2.3 Compressive reconstruction for twin image elimination

Once the accurate focusing distance $z^{\prime}$ is obtained, the compressive sensing method can be used to suppress twin image and generate high-quality image. According to sparsity difference of image gradient between twin image and original image [19,36], total variation (TV) regularization is used in this image reconstruction. The isotropic TV for a discrete digital image is defined as

$$\textrm{TV}(\mathbf{x} )= \sum\limits_{m,n} {\sqrt {{{({{\mathbf{x}_{m + 1,n}} - {\mathbf{x}_{m,n}}} )}^2} + {{({{\mathbf{x}_{m,n + 1}} - {\mathbf{x}_{m,n}}} )}^2}} }, $$
where m and n represent the pixel index of two-dimensional discrete image.
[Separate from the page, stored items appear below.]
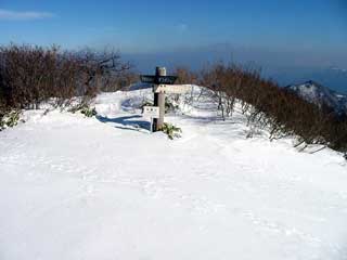 14:00 矢筈山頂「晴 西の風3m -1度 山頂付近にあった 雲もとれてきた。日ざしが 暖かく感じる。剣山 三嶺 の 稜線 の上に少し 石立山が見える。 三嶺 天狗塚 牛の背 が白く見える。」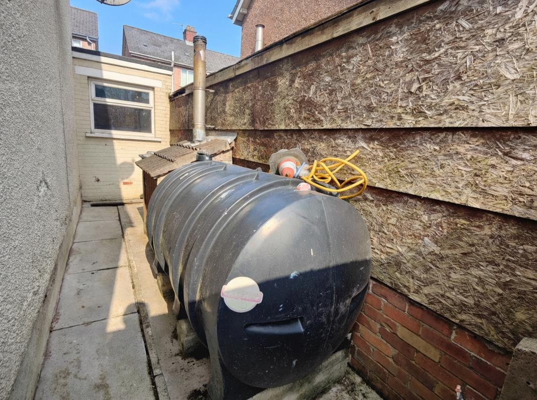 Hard landscaped front garden in brick paver, concrete pavers and stones, off street carparking, enclosed rear yard, pvc oil tank, boiler house.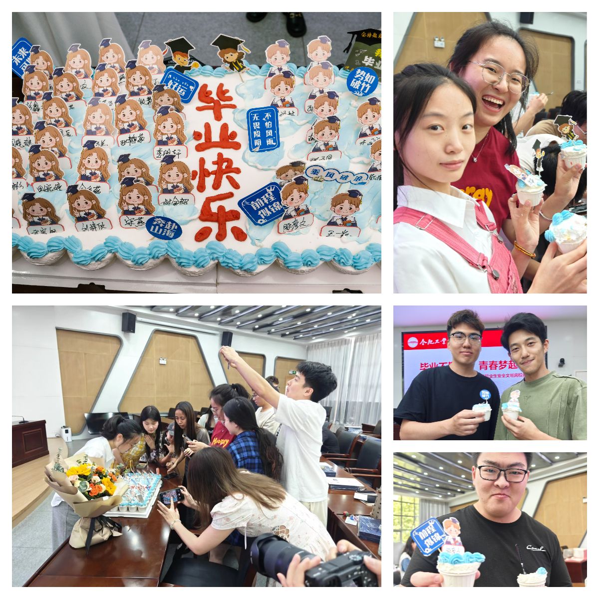 班会伊始,辅导员宋老师从回忆初入校园的场景谈起,从新生入校的“开学第一课”到毕业前夕的“大学最后一课”,期间是同学们的在工大度过的点点滴滴难忘的时光,是工大蓬勃发展与工大学子青春成长的相互见证,更是同学们与工大同行,奋楫勇进的成长历程。随后,班会正式开始,“回忆过往”环节,班长徐俊涛同学通过一个视频短片,带领四年同窗的同学们共同穿越时光,回顾了在工大,在英国上市公司365一起留下的难忘青春记忆,从青涩的新生到即将踏入社会的优秀青年,每一段经历都记录着同学们不懈的努力与成长,现场的同学们也被影像画面所感染,记忆彷佛回到了那段曾经的岁月。“感恩当下”环节,同学们纷纷拿起寄语卡片,认真写下对公司和老师的真挚的祝福与期望,话语的背后不仅承载着对未来的美好愿景,也表达了同学们对工大、对公司深深的眷恋和感激。“展望未来”环节,同学们主动发言,表达了对未来自己和同学们的期待。辅导员宋老师围绕党团组织关系转接、档案派遣、生源地贷款还贷,文明离校等进行讲解,希望同学们重视毕业相关安排,做好文明离校相关工作,希望同学们常回来看看。班主任刘海芳老师对现场的毕业生们提出了殷切期望,希望同学们保持终身学习的理念,不断提升自己的竞争力,以理性平和、阳光向上的心态迎接即将到来的挑战,祝愿2024届所有毕业生们满载母校、老师们的祝福和期望,心怀感恩再出发,为社会贡献青春力量!班会的结尾,在场师生共同分享了象征祝福和圆满的蛋糕。班会还穿插了互动游戏环节,现场气氛轻松而愉悦,在欢声笑语中,师生们一起度过了温馨美好的最后一课。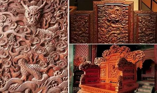 大臣官员可雕三爪和四爪,称为民俗的吉祥图。龙图案常用于 屏风、床榻、椅子、竖柜、几架、桌案的雕饰工艺中。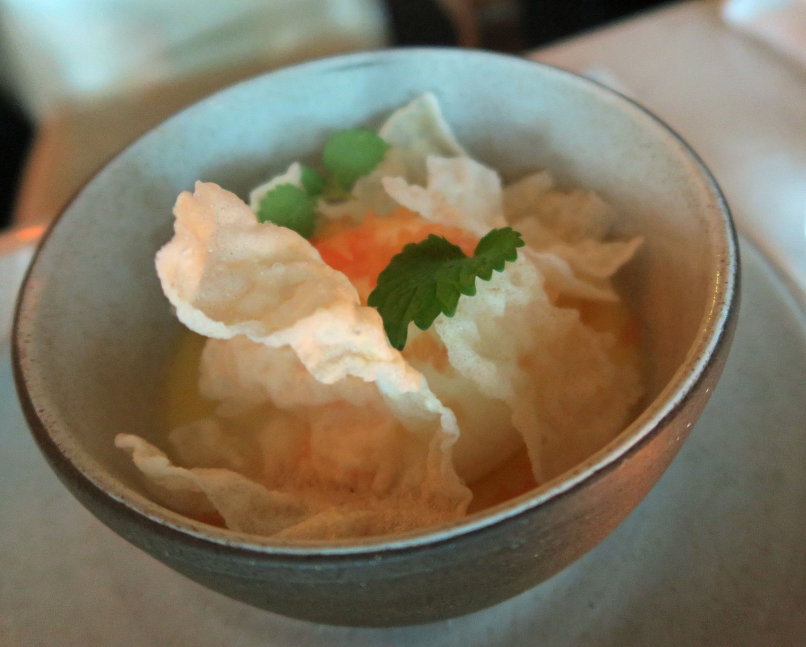 This was dressed with a ponzu like vinaigrette, with what tasted like a touch of ginger. which added a nice bit of acid; the beef was texturally very nice….not too soft, but pleasantly toothsome. The beef was topped with tender sprouts and a julienne of crisp taro….think taro chips strips. Quite a generous portion…..at this point we were glad we didn't go for 2 mains.

To facilitate calculation, the anisotropic total variation version based on l1 norm can be adopted:
$$\textrm{T}{\textrm{V}_{\textrm{aniso}}}(\mathbf{x} )= \sum\limits_{m,n} {[{|{{\mathbf{x}_{m + 1,n}} - {\mathbf{x}_{m,n}}} |+ |{{\mathbf{x}_{m,n + 1}} - {\mathbf{x}_{m,n}}} |} ]}, $$

Then the calculation of TV can be represented by difference operation D

$$\textrm{T}{\textrm{V}_{\textrm{aniso}}}(\mathbf{x} )= {\|{\mathbf{Dx}} \|_1}. $$

The D can be split into the difference operators Dh along the horizontal and Dv along the vertical directions:

$$\mathbf{Dx} = {[{{\mathbf{D}_h},{\mathbf{D}_\textrm{v}}} ]^T}\mathbf{x}. $$

Twin-image-free reconstruction can be achieved by minimizing the objective function:

$$\hat{\mathbf{x}} = \; \arg \mathop {\min }\limits_\mathbf{x} \left\{ {\frac{1}{2}\|{\mathbf{D}({\mathbf{y} - {\mathbf{F}^{\mathbf{- 1}}}\mathbf{HFx}} )} \|_2^2 + \tau {{\|{\mathbf{Dx}} \|}_1}} \right\}, $$
where y is the recorded image; H is a diagonal matrix, whose nonzero entries are the discrete value of H; F and F-1 represent the Fourier transform matrix and its inverse matrix; $\|\cdot |{|_p}$ denotes the ${\ell _p}$ norm. The first term is fidelity term and the second term is regularization term. The difference operation D in fidelity term is to avoid the influence of constant on reconstruction error. The regularization parameter τ controls the relative weight of the two terms.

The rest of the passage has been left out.